Naive Bayes learns a probabilistic model from training data, and then uses Bayes rule to assign the most likely class to a previously unseen instance. An instance is represented by a vector of features or attributes. Features can be either discrete (finite number of values) or continuous (in which case data must be discretized before learning using some discretization method). Naive Bayes makes a simplifying assumption that features are independent given class. Although this assumption is often violated, naive Bayes is surprisingly successful in practice and is competitive with other state-of-the-art learning approaches.

Implementation

Naive Bayes operates in two phases: learning and classification. In the learning phase, Naive Bayes learns a probabilistic model given a set of training data instances together with their class labels. Naive Bayes can learn both in a batch mode (all instances are given at once), and in an incremental mode, when training instances are added sequentially.

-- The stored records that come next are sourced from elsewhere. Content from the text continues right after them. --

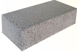
Gạch đĩnh 4x8x18 cm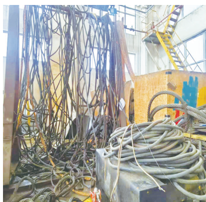
上图为起重机车间钢丝绳杂乱摆放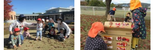
園庭・原っぱ、散歩道、みんなで秋と仲良し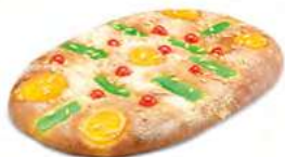
90050 Coca de Fruta 90060 1 Grande Lista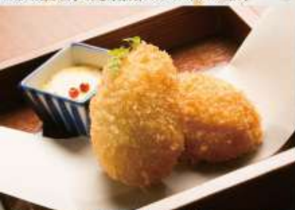
②7 カニクリームコロッケ 1,500円(税込) 価格は税抜です。別途消費税、サービス料がかかります。

This is performed by the buildHypothesis() method.

The learning algorithm buildHypothesis() estimates prior class probabilities, P(C=i), and conditional probabilities P(f=v|c) of each feature f taking value v given class c (maximum-likelihood estimates are computed as frequencies, in order to avoid zero denominators). In the case of sparse data, we use the equivalent sample size technique - a Bayesian technique of combining prior beliefs about the probabilities with learning from data. For details, see "Machine Learning" by T. Mitchell).

In the classification phase, Naive Bayes assigns the most likely class label to a given data instance, or a set of instances. It compares the assigned class with the correct class for each instance, and computes classification accuracy.

Training

The class field values range from 0 to n-1. It may be necessary to use a translate filter to provide this range. If the data is in origin 1, the ADD -1 filter function can be applied. Training can continue incrementally forever but one pass through the data may be sufficient.

Running

Training is relatively slow in spite of needing only one pass through the data compared to other learning techniques. The run-time performance of a naive Bayes network is relatively fast however.